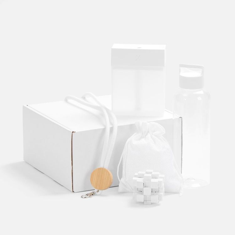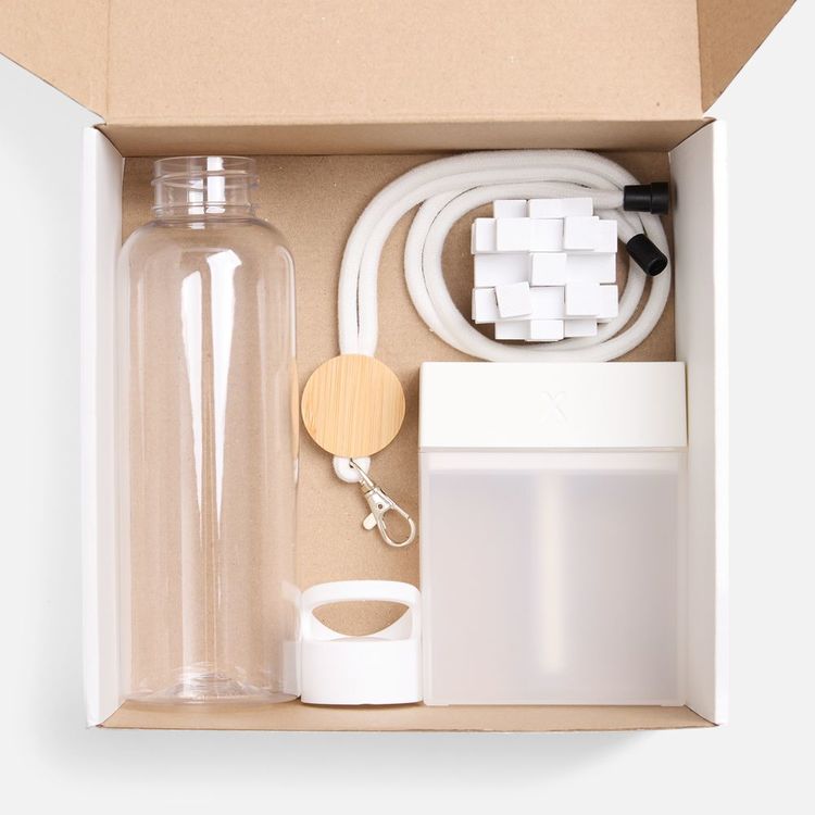 Набор собран с заботой: помимо надёжного шнурка для бейджа — для быстрой идентификации на новом месте — здесь есть полезные аксессуары для гидратации как внешней, так и внутренней: компактный увлажнитель воздуха и стильная бутылка для воды. А дополняет эти функциональные предметы игра-головоломка, которая поможет и развить пространственное мышление, и переключить внимание — а в первые рабочие дни разгружать голову просто необходим/
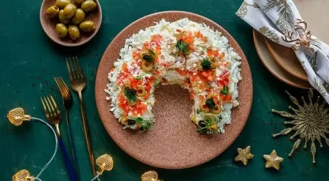 - «Гранатовый браслет» — с языком и свеклой, который будет выглядеть роскошно и подойдёт для любого праздника.
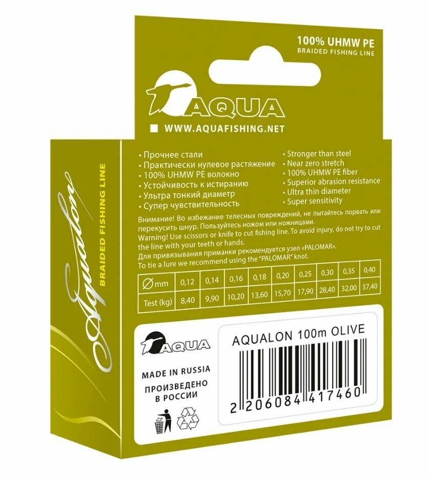 Плетеный шнур для рыбалки AQUA Aqualon Olive 0,18mm 100m информация:

▶ DIRECTIONS FOR THIS TASK:
Word for word, repeat the material above and drop the pictures.

▶ TASK RESPONSE:
 Набор собран с заботой: помимо надёжного шнурка для бейджа — для быстрой идентификации на новом месте — здесь есть полезные аксессуары для гидратации как внешней, так и внутренней: компактный увлажнитель воздуха и стильная бутылка для воды. А дополняет эти функциональные предметы игра-головоломка, которая поможет и развить пространственное мышление, и переключить внимание — а в первые рабочие дни разгружать голову просто необходим/
 - «Гранатовый браслет» — с языком и свеклой, который будет выглядеть роскошно и подойдёт для любого праздника.
 Плетеный шнур для рыбалки AQUA Aqualon Olive 0,18mm 100m информация:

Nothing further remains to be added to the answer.